Stored data entries:
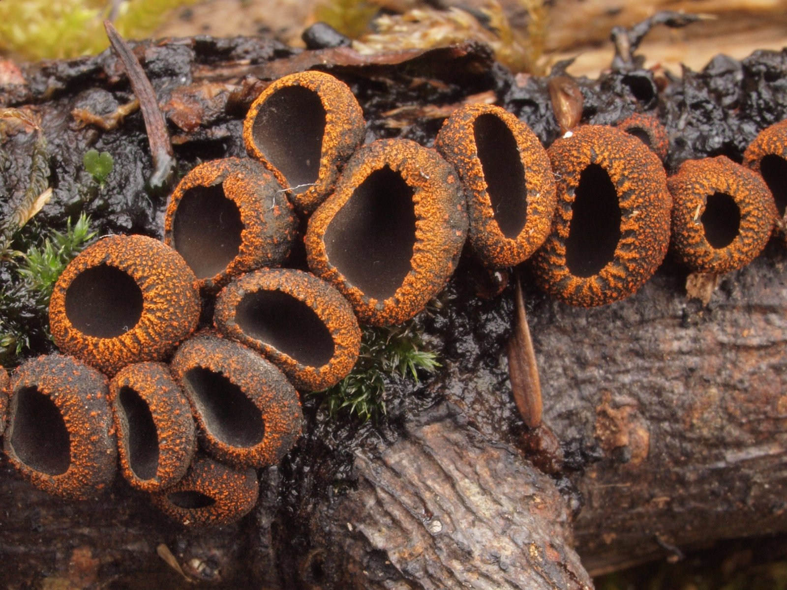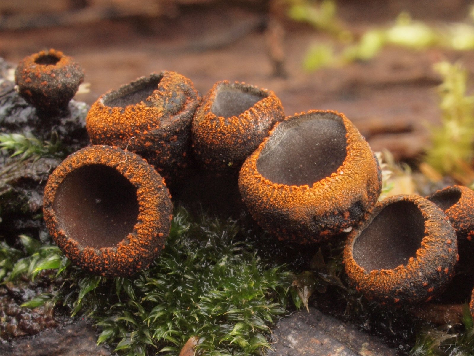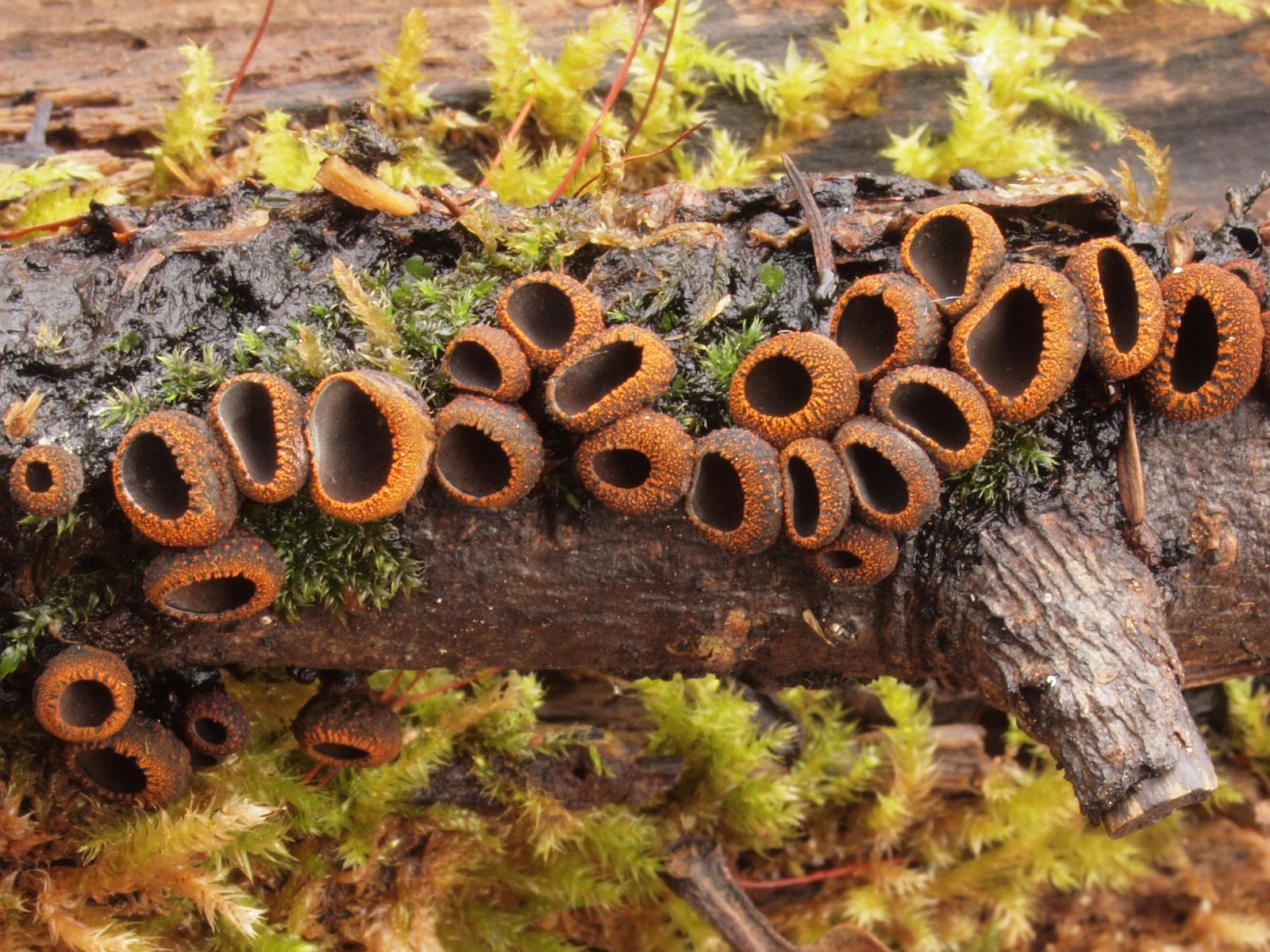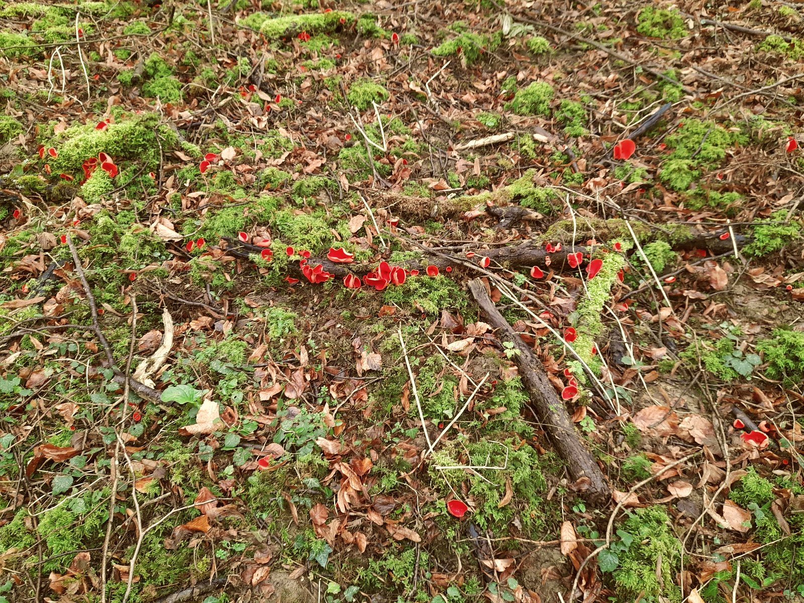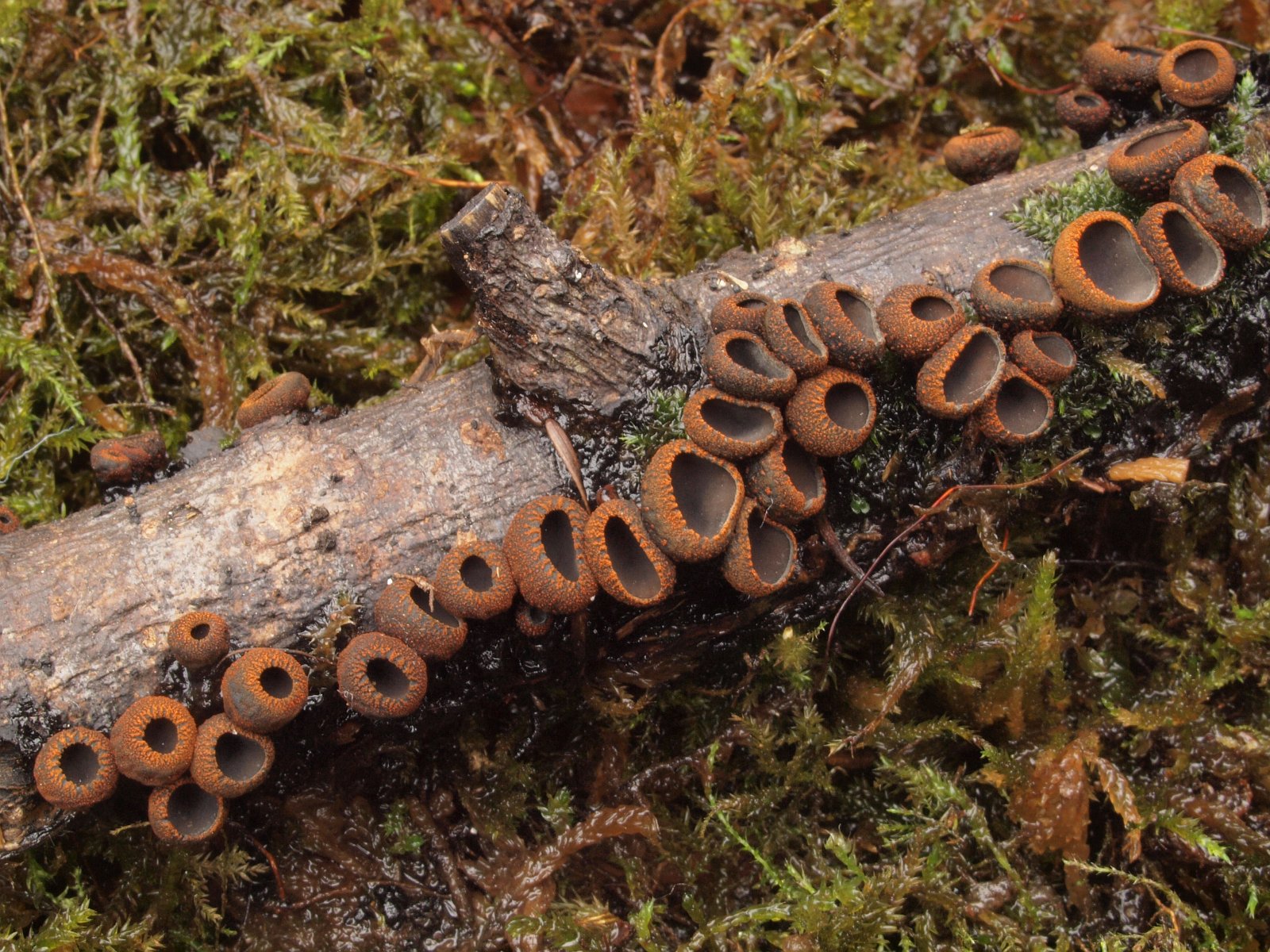 Der Knaller war aber ein dünner Zweig mit Schwarzmündigen Kelchbecherlingen (Plectania melastoma) in nie gesehener Zahl
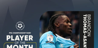 Brandon Thomas-Asante earns nomination for Championship Player of The Month
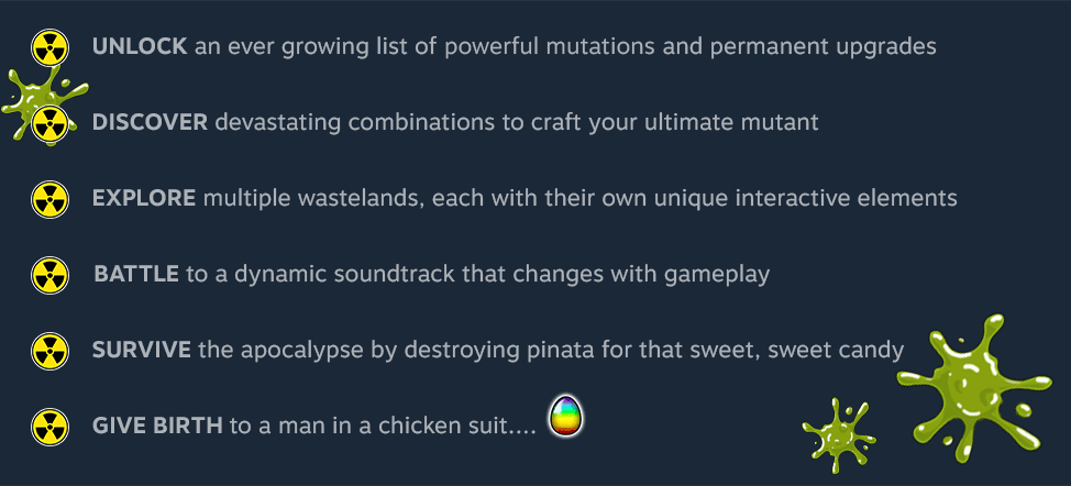 Destroy screen-filling mobs of mutated wildlife, absorb their radioactive guts and become an overpowered freak of the wasteland!
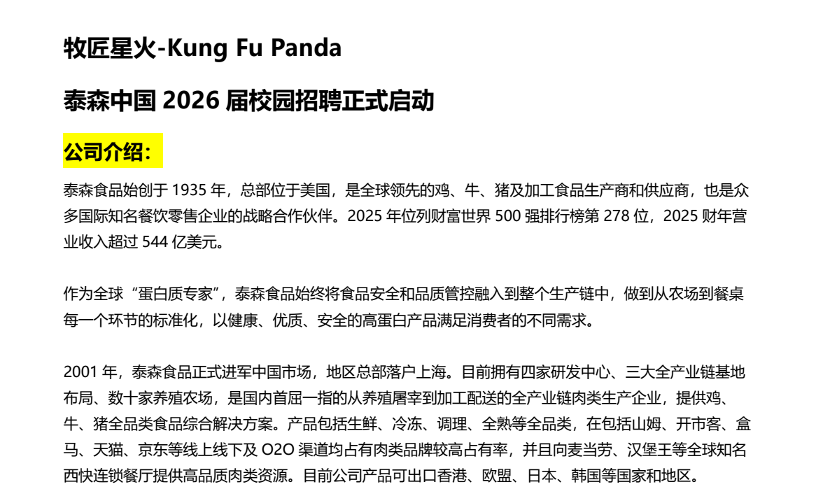 泰森中国 2026 届校园招聘
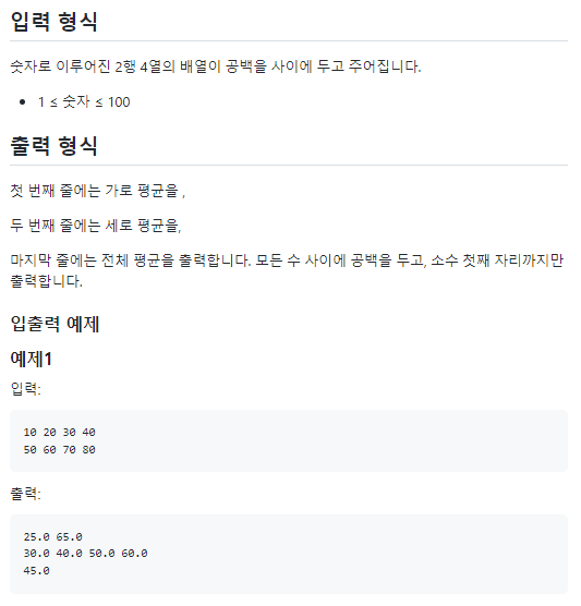 숫자로 이루어진 2행 4열의 배열이 주어지면 가로 평균, 세로 평균, 전체 평균을 소수 첫째 자리까지만 출력하는 프로그램을 작성해보세요.
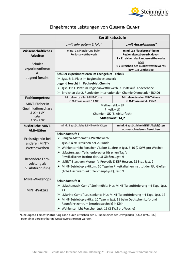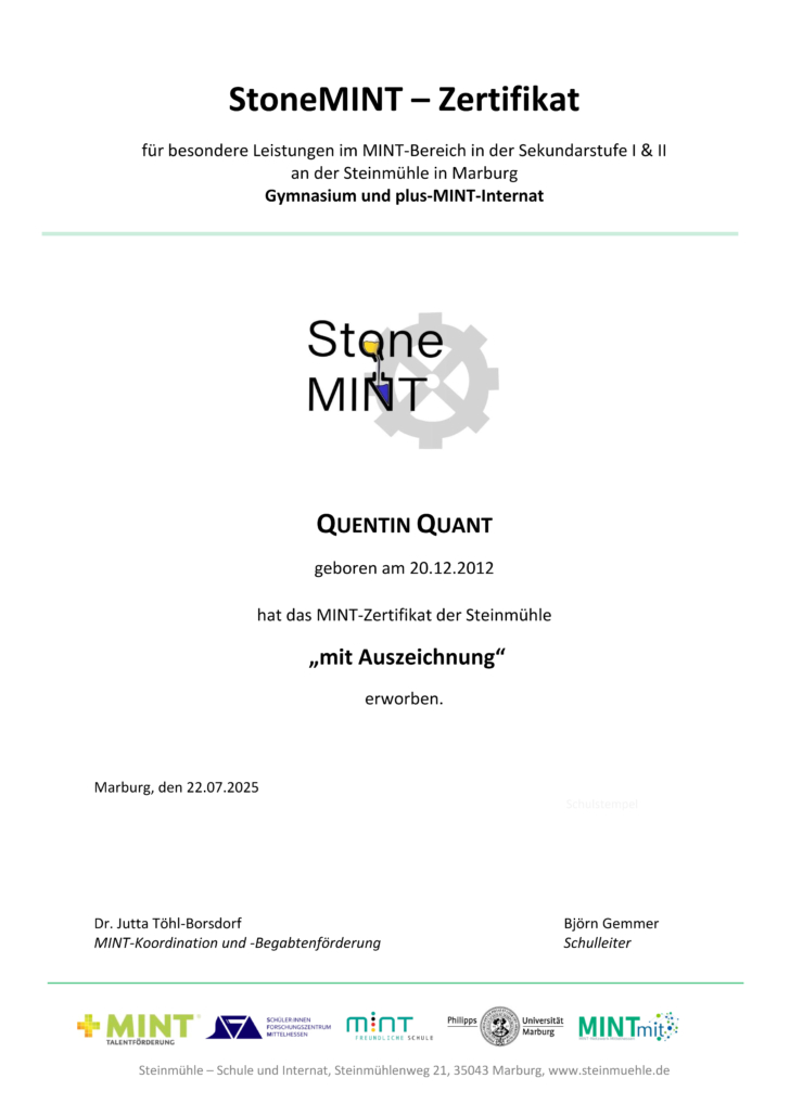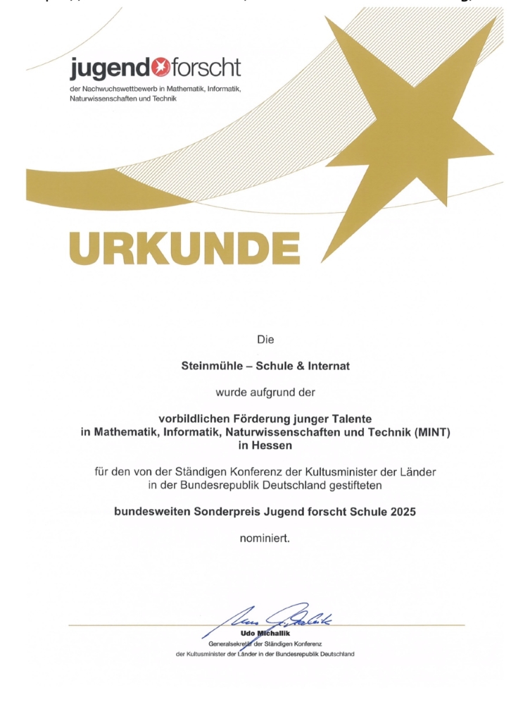Beim Regionalenscheid Hessen-Mitte von Jugend forscht, Deutschlands bekanntestem Nachwuchswettbewerb für Mathematik, Informatik, Naturwissenschaften und Technik, hat die Steinmühle gleich vier Mal Platz 1 errungen. Nachdem ein Team des plus-MINT-Internats Steinmühle im vergangenen Jahr bis in den Bundeswettbewerb gelangte, ist das erneut ein hervorragender Start in dieses Format. Zum 60. Mal lädt es junge Forscherinnen und Forscher ein, ihre Projekte vor einer 24köpfigen Jury zu präsentieren.
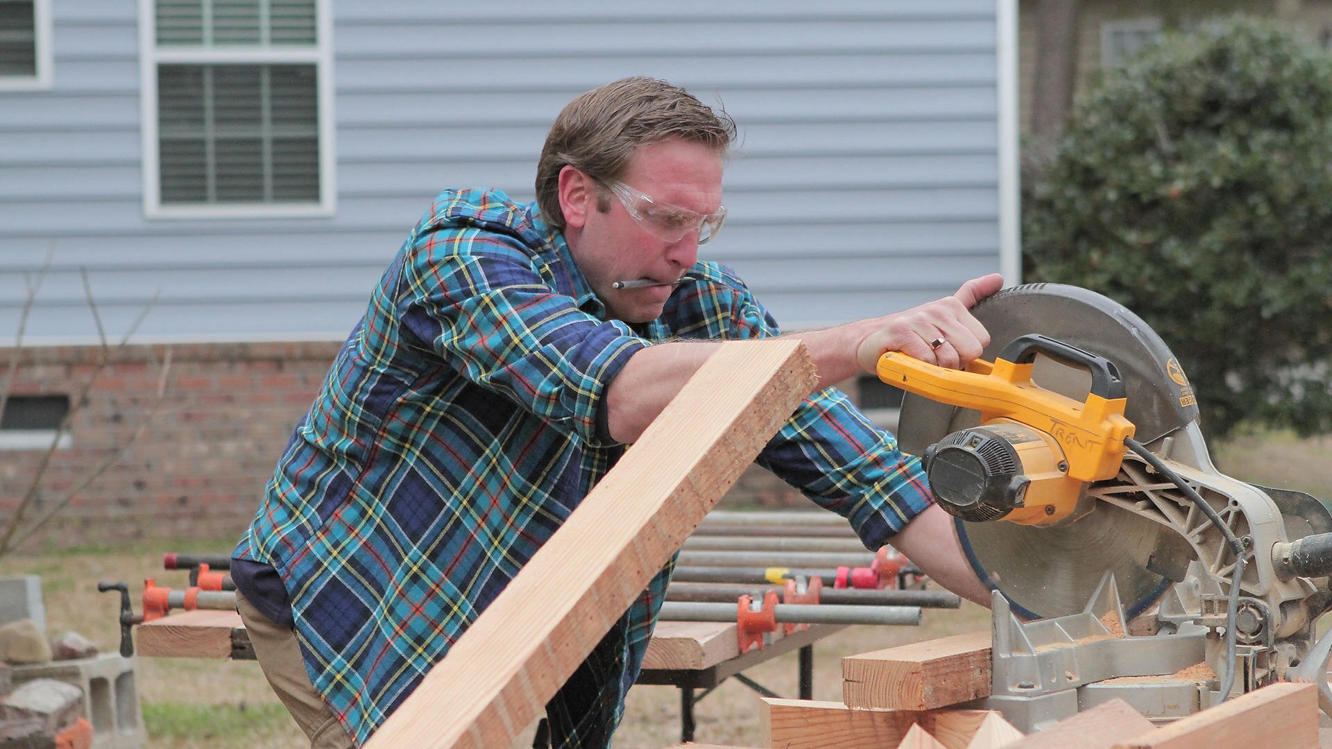 Licensed Contractor Trent Fasnacht rebuilds the kitchen in its original spot at the front of his 1906 country Victorian in Summerville, South Carolina, just outside Charleston. His design plan calls for custom bead board cabinets, a glass tile backsplash and authentic butcher block countertops. He also tries his best to save the original hardwood floors, the only remaining original floors in the house. After touring a recently renovated historic home in Charleston to get ideas for his kitchen, Trent borrows the idea of using a piece of furniture in place of cabinetry for his kitchen island.

EXERCISE DIRECTIONS ▸ Treating the line with "숫자로 이루어진 2행" as the last line to include, retype the records exactly from their first line, excluding pictures.

ANSWER FOR THIS EXERCISE ▸
 Der Knaller war aber ein dünner Zweig mit Schwarzmündigen Kelchbecherlingen (Plectania melastoma) in nie gesehener Zahl
 Brandon Thomas-Asante earns nomination for Championship Player of The Month
 Destroy screen-filling mobs of mutated wildlife, absorb their radioactive guts and become an overpowered freak of the wasteland!
 泰森中国 2026 届校园招聘
 숫자로 이루어진 2행 4열의 배열이 주어지면 가로 평균, 세로 평균, 전체 평균을 소수 첫째 자리까지만 출력하는 프로그램을 작성해보세요.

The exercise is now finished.